Description
Eucalyptus pulverulenta ‘Baby Blue’ – 1 of our most popular Eucs
Buyer beware! I am sorry to say that there are several nefarious practices being exercised by the horticultural industry to con you into buying Eucalyptus gunnii in its cute round blue-leaved juvenile form and calling it Baby Blue. Being polite – this is patently misleading! E gunnii Baby Blue does not botanically exist. All these people are selling is Eucalyptus gunnii and calling it Baby Blue, and these trees will mature into a green, long-leaved tree at 80ft tall, if you don’t prune it. Eucalyptus pulverulenta ‘Baby Blue’ never produces adult foliage – they remain cute, blue and roundish – kidney-bean shaped.
The correct form is the entirely different species Eucalyptus pulverulenta ‘Baby Blue‘ and it is a much more difficult to produce a good quality nursery plant than gunnii.

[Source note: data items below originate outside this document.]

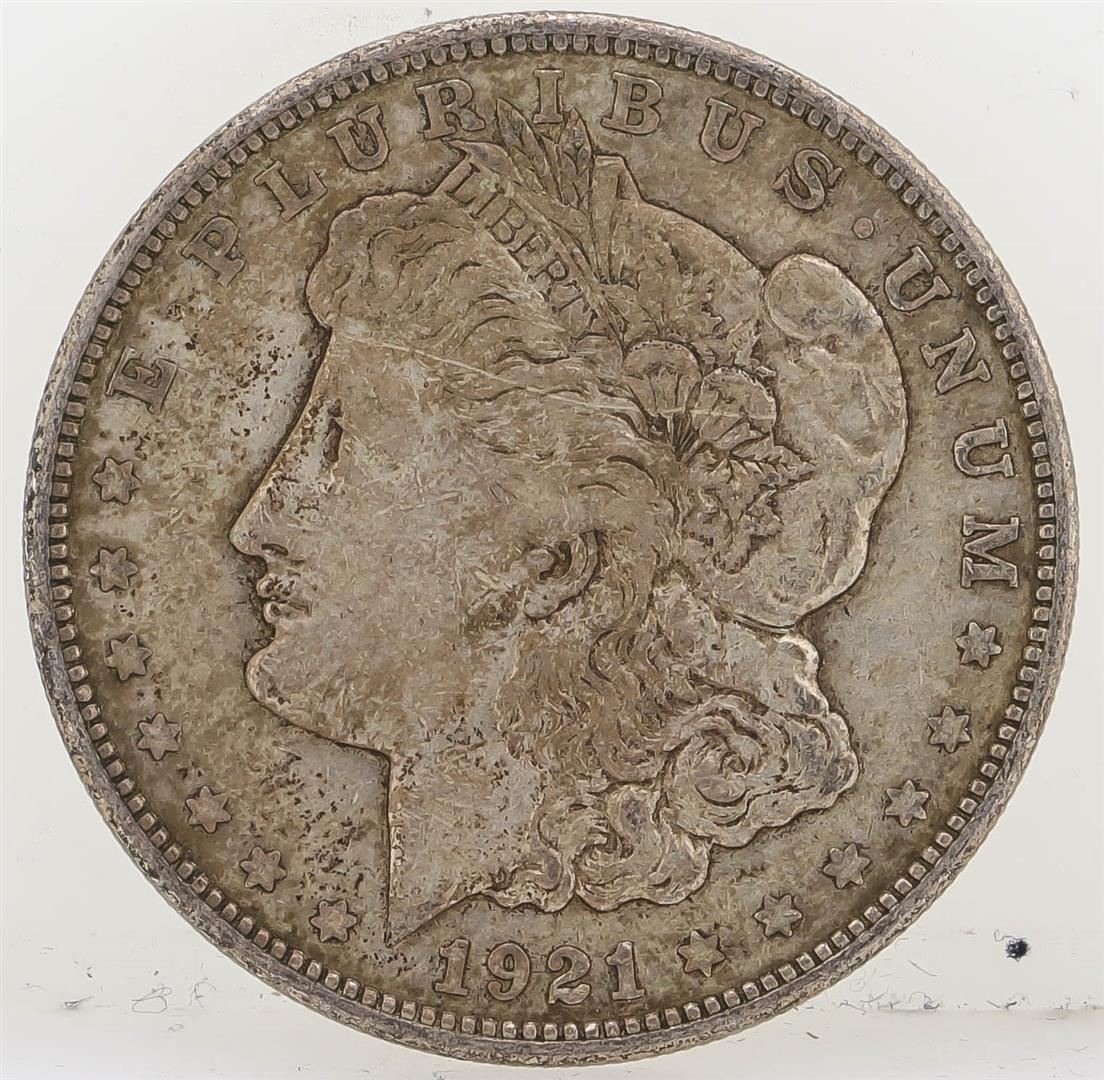 One 1921-D Morgan Silver Dollar.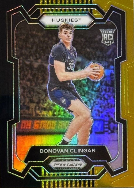 The Donovan Clingan 2024 Prizm Draft Picks #95 Black Gold /5 Rookie card in Raw condition has not changed in price in the last 30 days and was last sold for $70.99 .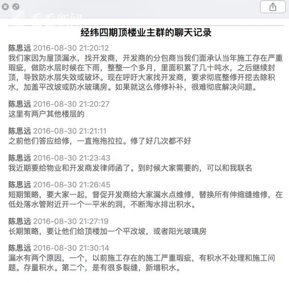 今年8月中旬,由于經(jīng)緯四期15號樓頂樓滲水嚴(yán)重,物業(yè)和開發(fā)商打開屋頂一塊區(qū)域后,發(fā)現(xiàn)了頂樓防水層積水的情況。15號樓頂樓業(yè)主陳先生在微信群中反映,開發(fā)商的分包商曾當(dāng)面承認(rèn)當(dāng)年施工存在嚴(yán)重瑕疵:“做防水層時候在下雨,整整一個多月,里面積累了幾十噸水,之后繼續(xù)封頂,所以導(dǎo)致防水層失效或破壞?!?/span>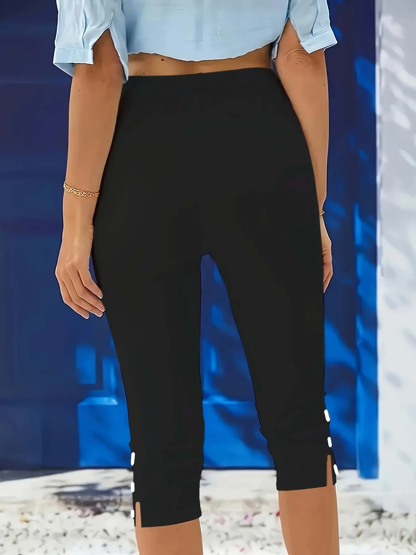 Women's Solid Color Skinny Capris Pants, Casual Comfy Breathable Trousers for Daily Wear, Ladies Bottoms for All Seasons

Further more, E gunni does smell strikingly of eucalyptol, but is it NOT the same aroma as Eucalyptus pulverulenta ‘Baby Blue’ which has a sweet softness to the very strong fragrance. There are difficult aromatic oils at play in Baby Blue. Don’t be conned into buying E. gunnii Baby Blue – you are buying E gunnii – a wolf in sheep’s clothing! Apologies for the rant!

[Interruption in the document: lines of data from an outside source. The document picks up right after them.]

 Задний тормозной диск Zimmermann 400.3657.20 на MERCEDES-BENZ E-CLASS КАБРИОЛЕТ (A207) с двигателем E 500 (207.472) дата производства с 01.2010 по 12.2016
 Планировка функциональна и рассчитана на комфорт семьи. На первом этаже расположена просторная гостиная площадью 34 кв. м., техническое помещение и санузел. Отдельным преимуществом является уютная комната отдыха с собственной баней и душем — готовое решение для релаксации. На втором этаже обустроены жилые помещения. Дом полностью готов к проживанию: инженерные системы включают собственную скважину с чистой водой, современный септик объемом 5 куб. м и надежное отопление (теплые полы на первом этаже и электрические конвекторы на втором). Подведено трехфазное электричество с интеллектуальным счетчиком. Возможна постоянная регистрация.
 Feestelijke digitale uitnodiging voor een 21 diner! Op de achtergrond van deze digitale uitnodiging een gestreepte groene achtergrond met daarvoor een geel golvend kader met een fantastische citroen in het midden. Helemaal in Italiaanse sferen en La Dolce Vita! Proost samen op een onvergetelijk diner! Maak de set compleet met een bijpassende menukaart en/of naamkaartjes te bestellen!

The Story: Very widely grown in Southern California, Mexico, Europe and Australasia, Eucalyptus pulverulenta ‘Baby Blue’ has long been a favourite of the cut-foliage industry with the stems being highly sought-after as freshly picked or dried for floral art. It is a naturally dwarf species, rarely exceeding 3m and can be grown as a clipped shrub.

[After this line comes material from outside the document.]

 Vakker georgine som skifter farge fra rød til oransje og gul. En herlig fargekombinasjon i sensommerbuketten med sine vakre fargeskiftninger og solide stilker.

With careful pruning, Eucalyptus pulverulenta ‘Baby Blue’ can be trained into a nicely shaped bush; left to its own devices it can be described as having an ‘interesting architecture’.
Eucalyptus pulverulenta ‘Baby Blue’ is a good variety for the smaller garden plot and could be grown in an air-pot on your terrace, but you need to follow the rules on growing Eucs. in pots.
Biometrics for Eucalyptus pulverulenta ‘Baby Blue’
Shoots ‘n Leaves: Eucalyptus pulverulenta ‘Baby Blue’ has very ornamental foliage. Young shoots are a soft violet with a white bloom. Juvenile foliage is an intense silvery blue. The young rounded leaves appear to ‘grasp’ the stem. Adult foliage is indistinguishable from the juvenile foliage. Smaller than straight wild type species E. pulverulenta. Rounded glaucous/blue aromatic leaves crowded on stems.
Bark: Blue when young. Smooth silvery grey, sometimes with olive, gold and russet tones.
Flowers: White fluffy flowers in profusion arranged in whorls around the stems, whilst still quite a young tree in mid Winter through to early Spring.
Leaf Aroma: Very strong typical fresh menthol Eucalyptus aroma.
Rate of Growth: Slow growing at less than 1m per year. Is quite slow to get established for a Eucalyptus – still fast for an evergreen shrub.
Height in maturity: If trained as a standard tree to grow upwards, Eucalyptus pulverulenta ‘Baby Blue’ could reach approx. 3-4 m. Responds well to regular annual pruning to keep it small either as a bushy shrub or shrub-onna-stick.
If maintained as a coppiced/pollarded specimen, it will take on the size and shape of a Viburnum plicatum shrub, in that it tends to grow in layers.
Hardiness: Tolerating down to around -10 °C to -14 °C mark, once mature. Hardiness in Eucalyptus is governed by provenance of seed, how it is grown (i.e. high nitrogen levels reduces cold tolerance), age of the tree – the older your tree, the hardier it will be. Younger Eucs are more susceptible to frost damage.
Lignotuber: Eucalyptus pulverulenta ‘Baby Blue’ has one, which is a good thing! Eucalyptus pulverulenta ‘Baby Blue’ will regenerate off the lignotuber if cut down by man, beast or nature. It also produces many shoots from epicormic buds lying dormant beneath the bark higher up the tree; so Eucalyptus pulverulenta ‘Baby Blue’ will respond extremely well to both coppicing and pollarding practices. Coppicing = pruning off practically at ground level. Pollarding is pruning off such that a short trunk (aka a stock) is left in the ground and a shrubby structure is developed above this.
Ecology:
Bees: All Eucalyptus produce flowers with nectar and pollen, but this species has particularly spectacular flowers making it a real draw for honey bees looking for winter foraging.